AI UK Conf - Day 2
Late start
Back again for Day 2, right next to the glorious Westminster Abbey
PitchFest
Researchers (enrichment students) have 90 seconds to pitch their projects and highlighting its real-world impacts, creativity and innovation. They will be judged.
We are really trying to get the crowd excited but it’s a tough morning
Pitches
- A wearable robot tail to support lifting tasks, using AI reinforcement learning to adapt to the body
- Using language models to write code without errors generate code, explains what is wrong, fix the errors
- What’s in the box? - XAI describing what rules determine AI models, highlighting auditability and traceability
- WINNER: Why facts don’t change minds - belief networks reinforce bad ideas. Use NLP to work out the underlying structure of the belief network to show how irrational beliefs can have rational origins Trisevgeni Papakonstantinou
- Tweeting away hate - how to respond to hate on social media
- Volcano defence - slow and manual to check rock crystals using AI to analyse
Stalls
11:00
Autonomous Cyber Defense
14:35
What happens when cyberattacks exceed the capacity for humans to respond? Deep Reinforcement Learning is the major tool for cyber security.
CAGE challenge
It’s been mainly simulated and not rolled out to real systems or constrained problem space.

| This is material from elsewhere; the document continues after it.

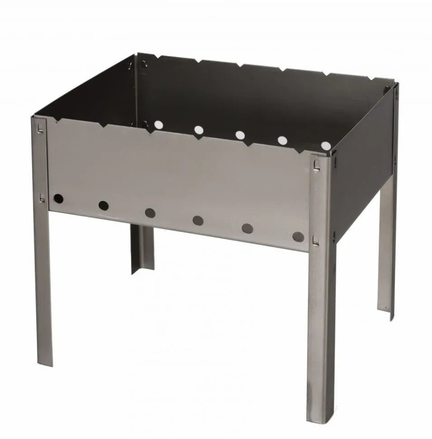 Мангал на ножках, разборный. Собирается изделие быстро, сложностей в порядке сбора и разбора деталей нет. Толщина стенок изделия 1,4 мм его хватит на несколько сезонов использования. Стенки мангала задерживают получаемый на углях жар и не дают раздувать его ветру. На них сделаны полукруглые прорези для размещения 6 шампуров. Нижняя часть стенок перфорирована для лучшей циркуляции воздуха в мангале.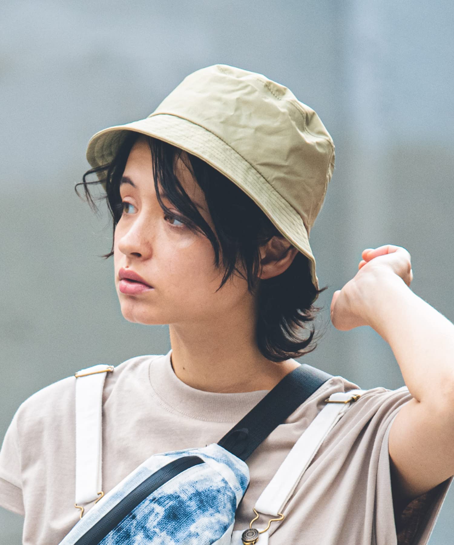 ・ハリのある生地を使用し、バケットハットの特徴であるシルエットをキープ。

This particular lab is looking to find real attackers on real systems. Having more complex agents.
Using AI to find vulnerabilities in systems before humans do.
Purple Llama
AIxCC
How do humans oversee a system that runs faster than them?
How can we stop them being used against us?
Lots of questions around policy issues
Questions: How do you counteract bad actors? It’s already an arms race
Good to use lots of small models instead of a generalised model.
DRT how have you defined a reward function in cyber defence? Less concerned about reward and more on real world systems as opposed to simulated. Easy to emulate lots of issues in a simulated env.
AI and the battlefield of the future
15:00
Military is looking at AI and it crosses every aspect.
Only 40% of mil are available for deployment at any one time.
Lots of mil assets ready to be deployed but just waiting and need lot’s of maintenance. Could be an AI problem
AI Logistics - interoperability is tough. Buying the right tech is hard.
Weapons review process for new weapons on the ethics of use.
Digital Twins for the Environment
Digital replica of a system for forecasting. Difference between that and a simulator? Digital twin can be used by many users and can be continuously updated.
Most people believe that you need AI to create a digital twin. It needs real time infusion of data, be accessible to all types of users, highly complex.
Optimising observing systems.
Digital twin is the intersection of modelling and monitoring. As a specialised user you can use a digital twin without having the expertise of various systems/disciplines
Oceanographic institute made a model of a protected area.
NASA is looking at many prototypes for coastal zones, wildfires. It is also support projects in symbolic AI as they fit the problem space nicely.
NASA is still investing in the infra needed for earth science and AI.
Challenges
How do we communicate these complex ideas to people? We need to find tools to visualise these ideas to decision makers.
We would like to use digital twins to predict extreme events.
Big uncertainty in digital AI systems.
Interoperability should be a requirement for digital twins.
Questions
We want to be confident about a problem we don’t know about.
We can expect users to be reasonably smart around uncertainty i.e. weather forecasts how do we make users act the same way with digital twins.
Twins are realtime and hard to use with AI or really simple but can run 1000x realtime
Skills to be in a digital twin team needs to be multidisciplinary. Social science, health, hard sciences, essentially mirroring the class of users.
Call out to AI people to solve environmental systems.
Components can be built for digital twins.